- Theatrical release poster
- Directed by: Barnaby Clay
- Written by: Barnaby Clay
- Produced by: Brian R. Etting Josh H. Etting
- Starring: Scott Haze Kate Lyn Sheil
- Cinematography: Robert Leitzell
- Music by: Tristan Bechet
- Production companies: Garlin Pictures Out of the Ether
- Distributed by: Magnet Releasing
- Release dates: June 11, 2023 (Tribeca Festival); January 26, 2024 (United States);
- Running time: 100 minutes
- Country: United States
- Language: English
- Box office: $4,974

= The Seeding =

The Seeding is a 2023 American horror thriller film, starring Scott Haze, Kate Lyn Sheil, Alex Montaldo, and directed by Barnaby Clay.
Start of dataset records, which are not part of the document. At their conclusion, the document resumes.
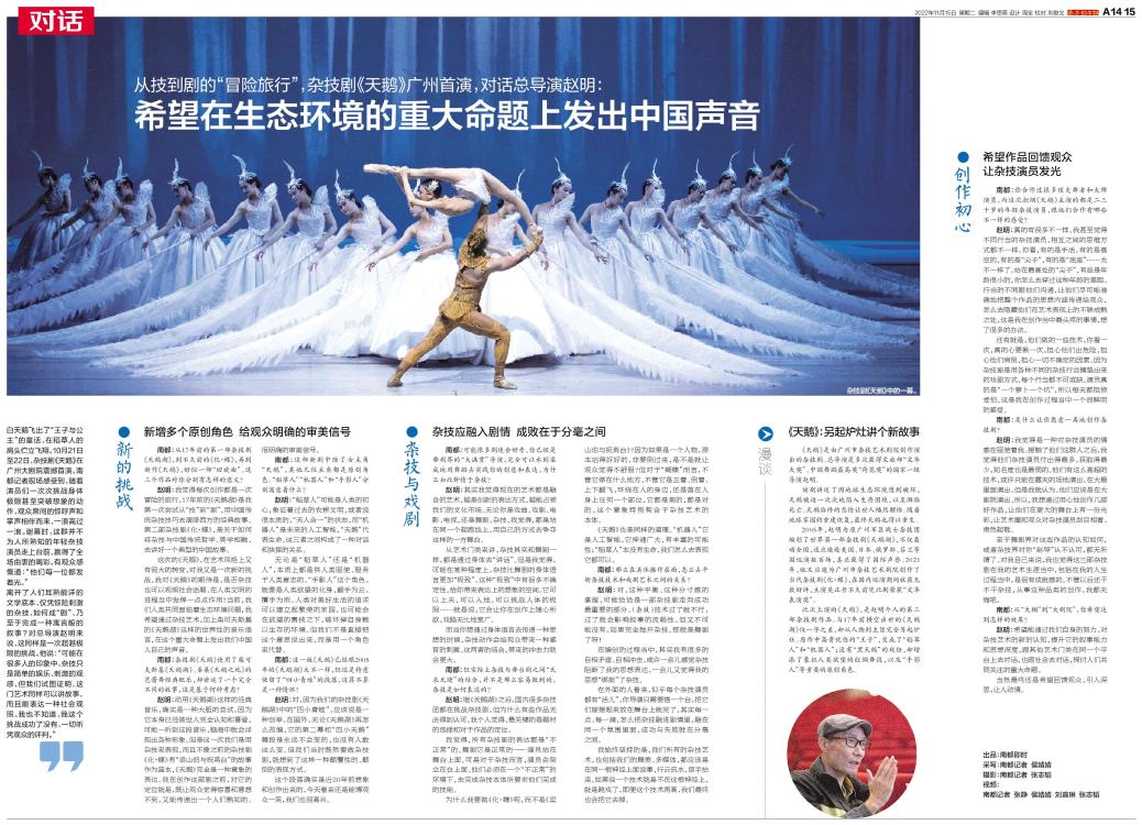 10月21日至22日,杂技剧《天鹅》在广州大剧院震撼首演。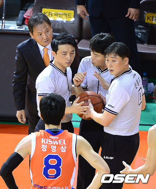 4쿼터 모비스 유재학 감독이 심판진의 판정 논의에 귀기울이고 있다.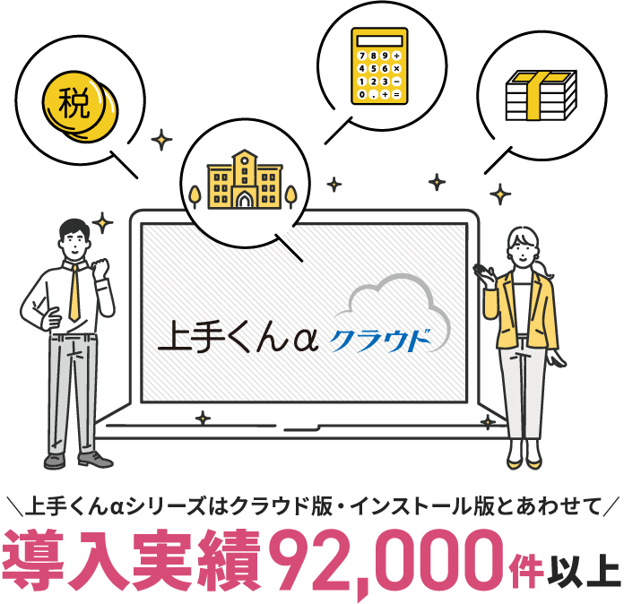 上手くんαクラウドは会計事務所の顧問先となる企業や個人事業主の自計化を支援する会計クラウドサービスです。経理業務に特化した「経理上手くんαクラウド」のほかに、給与計算・年末調整・減価償却計算といった企業経営に欠かせないソフトウェアもご用意しています。経理処理の初心者からベテランの方まで幅広くカバーできるように、会計知識のレベルを問わずお使いいだだけます。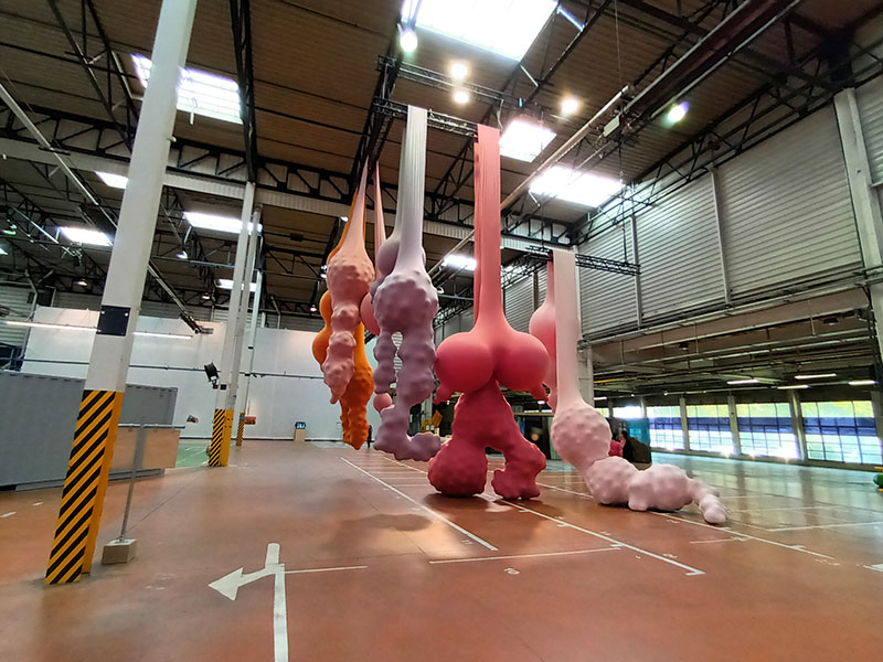 出生於巴塞隆納、目前定居倫敦的艾娃.法布卡斯(Eva Fábregas)以充氣的塑膠球裝入彈性纖維中,成為巨型雕塑,粉色系為主的外表有如人體內臟器官,亦彷彿某些奇異的植物部位。這件限地製作的雕塑既柔軟又令人感到肉慾橫流,和工業廠房建築形成強烈的視覺對比。(全文閱讀570期藝術家雜誌)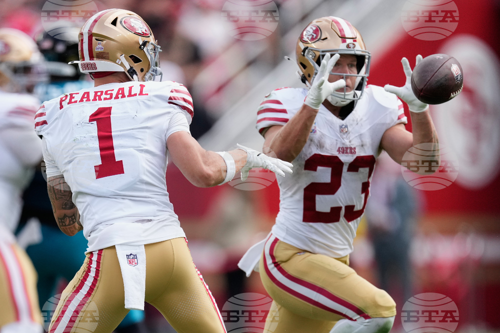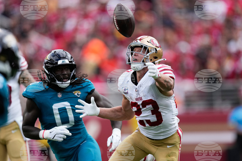 San Francisco 49ers running back Christian McCaffrey (23) cannot catch a pass, which was intercepted by Jacksonville Jaguars linebacker Devin Lloyd (0), during the first half of an NFL football game in Santa Clara, Calif., Sunday, Sept. 28, 2025. (AP Photo/Godofredo A. Vásquez)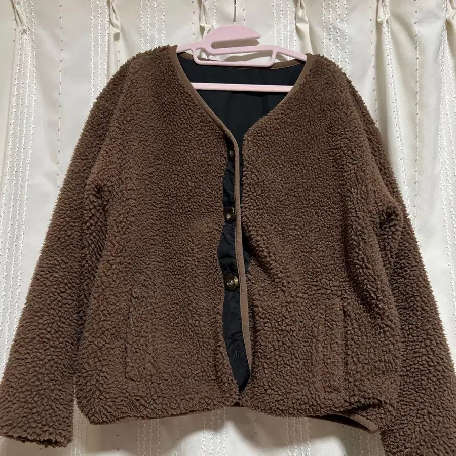 보아 소재의 브라운 자켓, 나일론 안감, 프론트 버튼 포함.
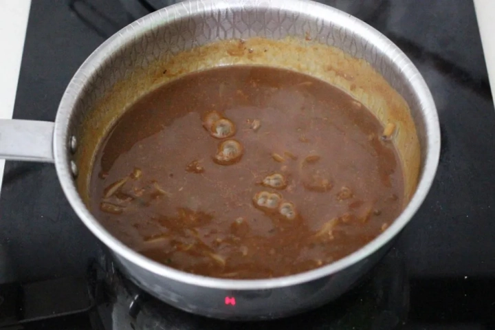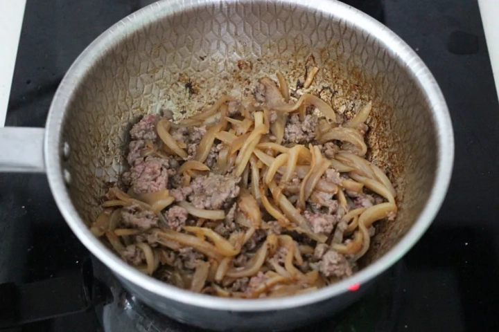 고기가 거의 익으면 물이나 멸치육수를 2컵 부어주고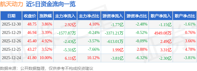 证券之星消息,截至2025年12月30日收盘,航天动力(600343)报收于48.75元,上涨3.86%,换手率23.67%,成交量151.08万手,成交额71.32亿元。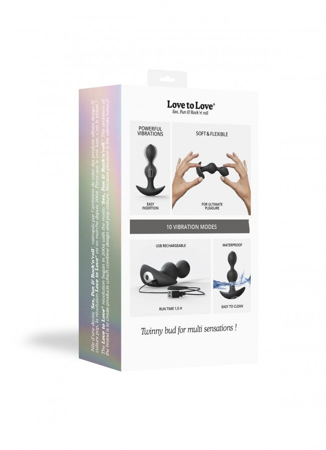 У анального стимулятора Love To Love TWINNY BUD кульки щільні, але не жорсткі, злегка пружні, що ідеально для початківців. Після повної зарядки буде працювати до 90 хвилин.

The film premiered at the Tribeca Festival on June 11, 2023, before being released in the United States on January 26, 2024. The film received mixed reviews from critics.

== Premise ==
A man finds himself trapped in a desert canyon with a woman living off-grid who is captive to a pack of sadistic boys.

== Cast ==

- Scott Haze as Wyndham Stone
- Kate Lyn Sheil as Alina
- Alex Montaldo as Corvus
- Charlie Avink as Orion
- Thatcher Jacobs as Lepus
- Chelsea Jurkiewicz as Caitlyn
- Harrison Middleton as Crux
- Michael Monsour as Arvo
- Soko as Hiker
- Aarman Touré as Vela

== Release ==
The Seeding premiered at the Tribeca Festival on June 11, 2023. On September 20, 2023, Magnet Releasing picked up distribution rights for the film. The film was released theatrically in limited format, and on PVOD on January 26, 2024.

== Reception ==
=== Box office ===
On its first week, the film opened in 18 theaters, and made its weekly gross of $4,600, ranking in 61. On its second week, it fell from 91.9%, and made $374, ranking in 66. Its total gross was $4,974.

=== Critical response ===
The film received mixed reviews. Metacritic, which uses a weighted average, assigned the film a score of 47 out of 100, based on 7 critics, indicating "mixed or average" reviews.

Phil Hoad of The Guardian gave The Seeding three out of five stars and found it to be a visually striking horror film with a compelling performance by Scott Haze, but notes that the plot feels stretched and the characters underdeveloped as Wyndham's descent into his predicament unfolds too easily. Simon Abrams of RogerEbert.com gave the film two out of four stars and described it as a "bleak horror movie" with strong location photography and unsettling moments, but ultimately finds it repetitive and emotionally flat, struggling to engage viewers beyond superficial shocks.

Oscar Goff of Boston Hassle considered the film to be an overwhelming sensory experience that effectively captivates through its eerie atmosphere and visuals, even if its plot and character dynamics are somewhat unclear and underdeveloped, ultimately deeming it a memorable entry in the folk horror genre. Jordan Bond of Film Threat gave the film 8.5/10 and offered a positive review, praising the film for its realistic and creepily immersive storytelling that builds a pervasive sense of dread without relying on jump scares, making it a disturbing yet thought-provoking addition to the horror genre.